Wikinvest Wire

That's gasoline in that hose, not water

Monday, June 30, 2008

This morning's Ahead of the Tape column($) in the Wall Street Journal trots out the same old tired axiom about recent Federal Reserve policy as it relates to financial instability and rising prices, particularly rising oil prices - the old "fireman" metaphor.

Like many others, the "fireman as arsonist" model always seemed to make more sense to me.

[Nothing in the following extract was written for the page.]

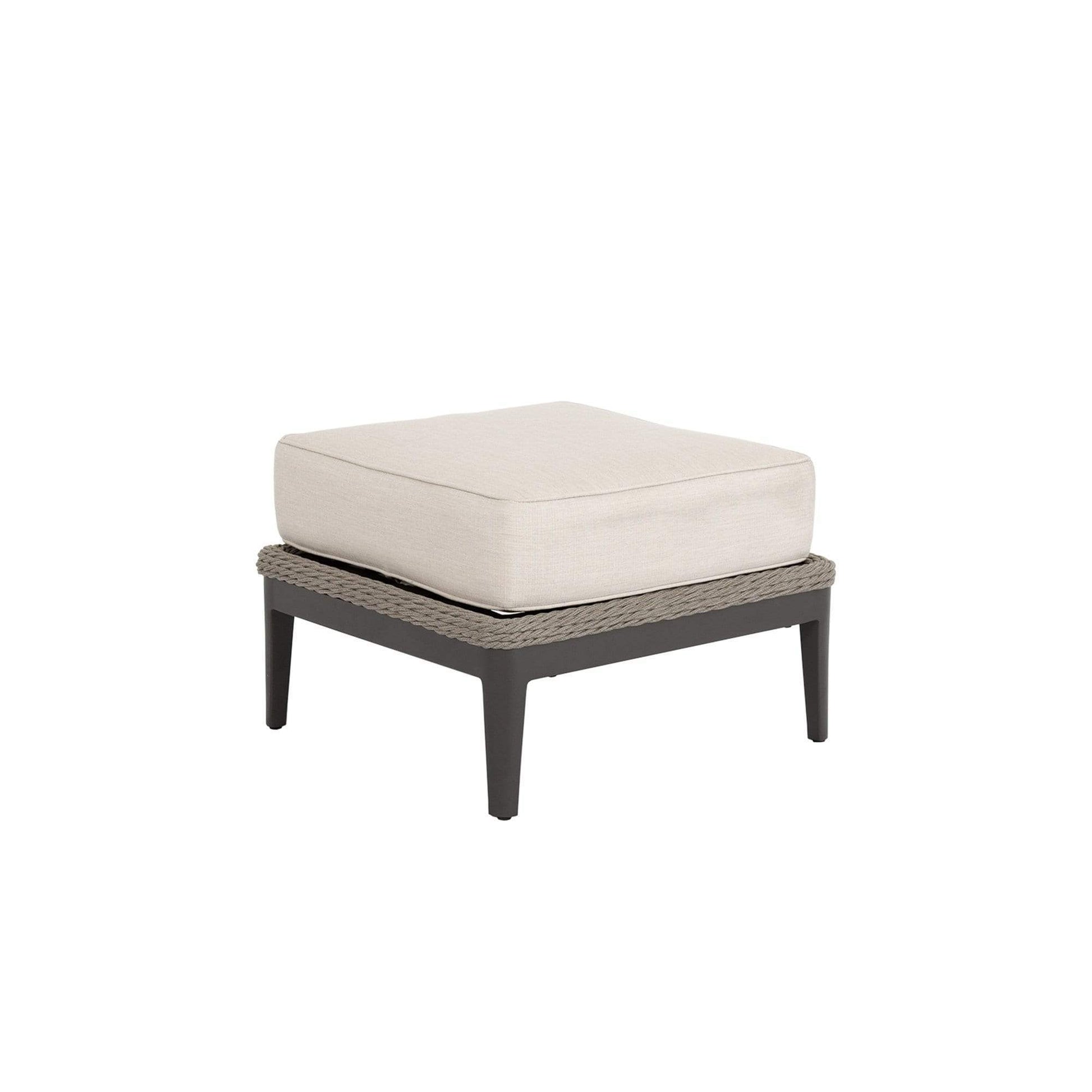 The Malibu Ottoman features a braided rope design plush 6″ box cushion, and tapered leg in powder-coated aluminum.
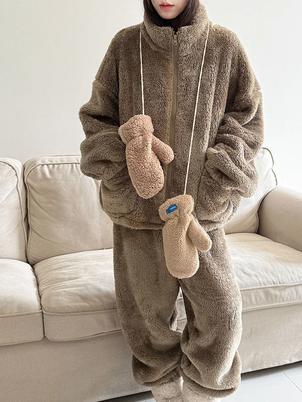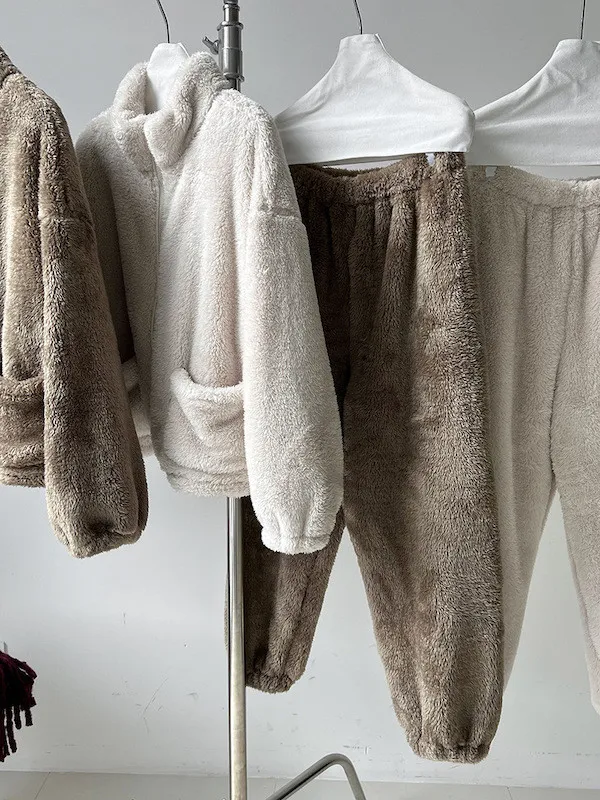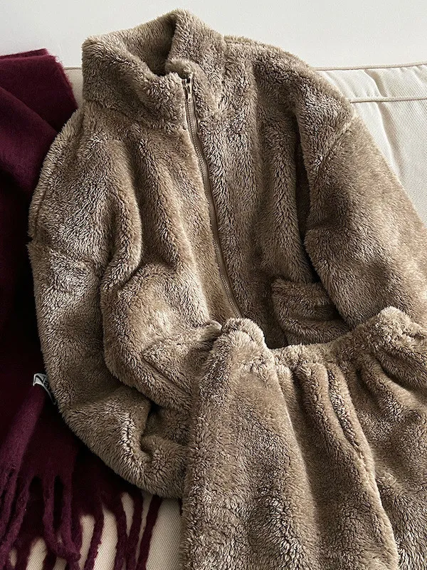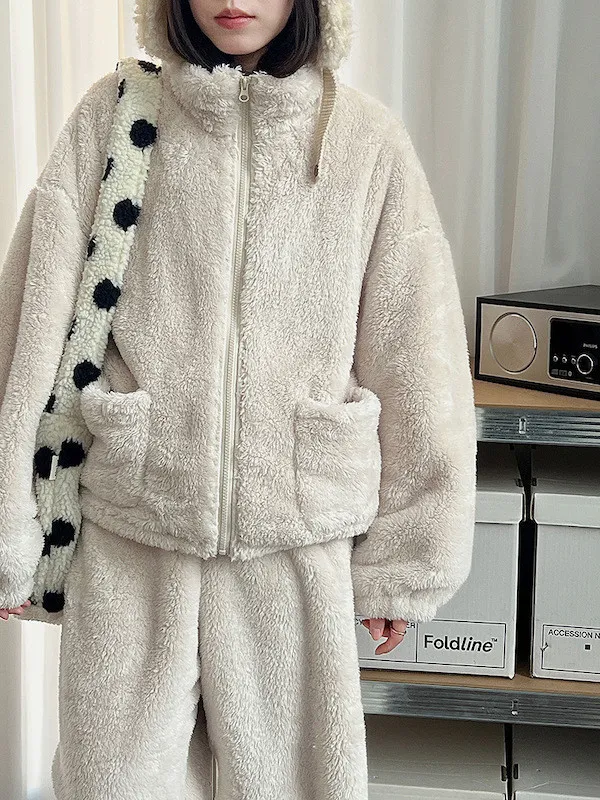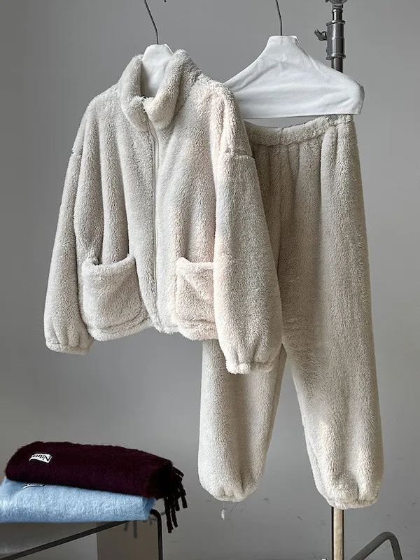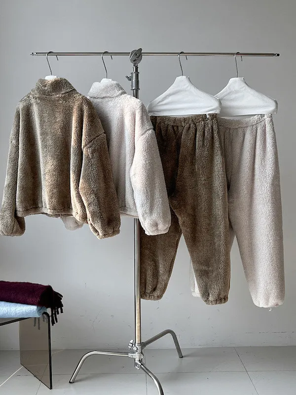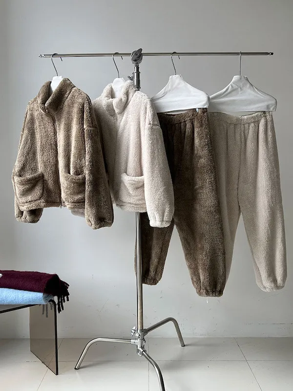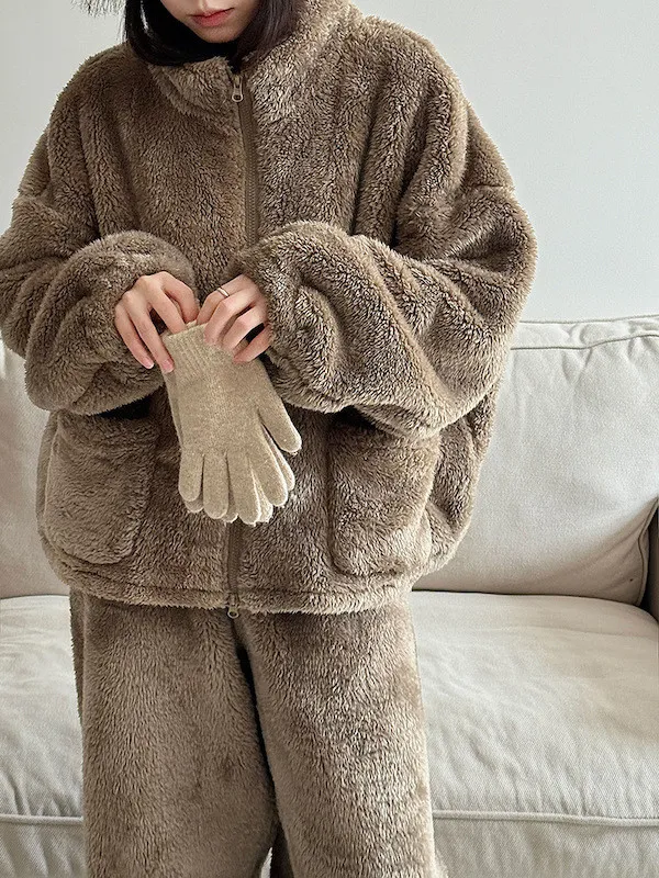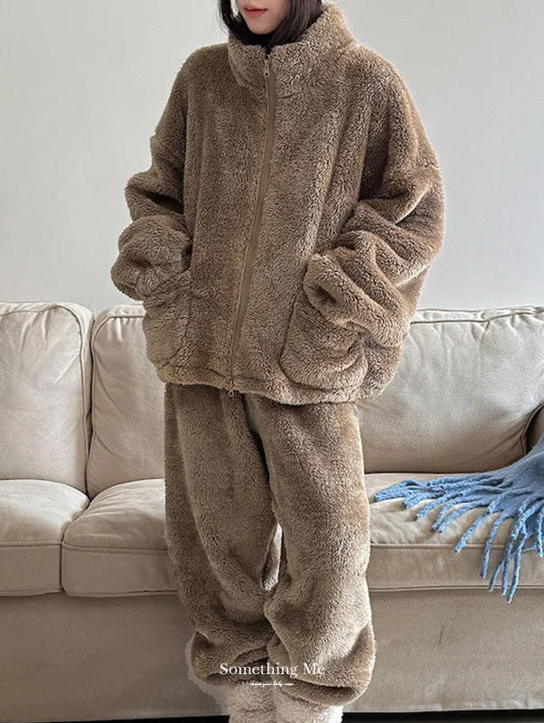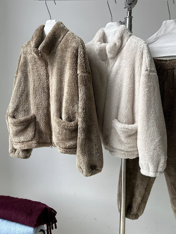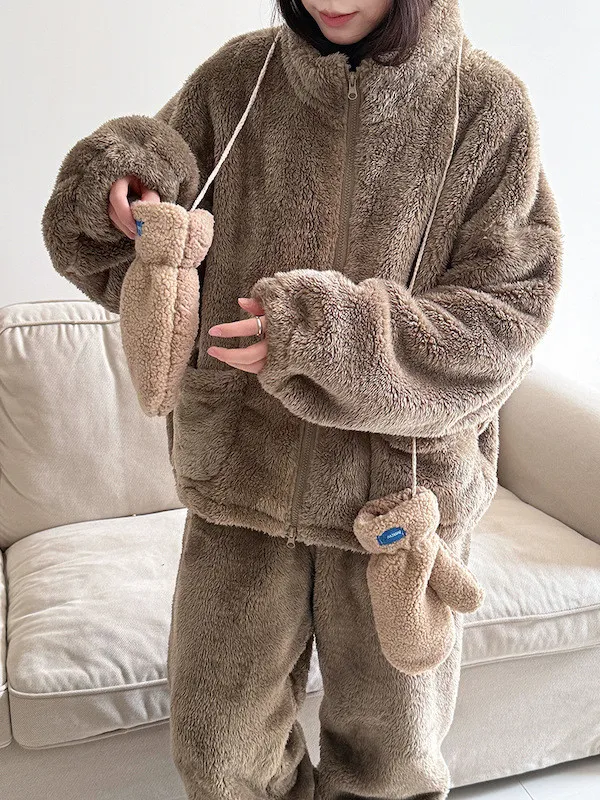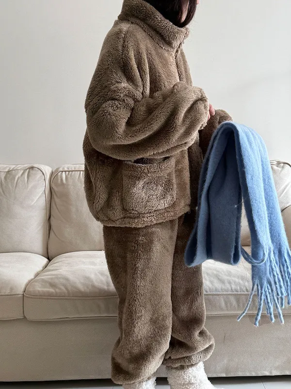 熊寶寶雙面暖絨慵懶立領套裝(外套+長褲) 2色

Follow the logic, if you will...

With the prospect of a world-wide meltdown in banking and credit during an era of rising prices that show up everywhere but in the government's inflation statistics, faced with the choice of saving the global financial system by creating even more money and credit OR reducing the amount of money and credit pumping through its veins in order to contain rising prices, the Bernanke Fed is said to have chosen the lesser of two evils by selecting the former.

In fact, since the credit crisis began almost one year ago, the idea of central banks "tolerating more inflation", erring on the side of more money and credit creation to ensure stability, has become almost conventional wisdom.

And so it was again this morning:

In a sense, the Fed's decisions of the past few months were easy ones. Inflation worries never went away, but when the house is on fire, nobody complains to the firemen about water damage.
As seen in the Fed Funds vs. Crude Oil graphic above, clearly that hasn't been water coming out of Ben Bernanke's fireman's hose.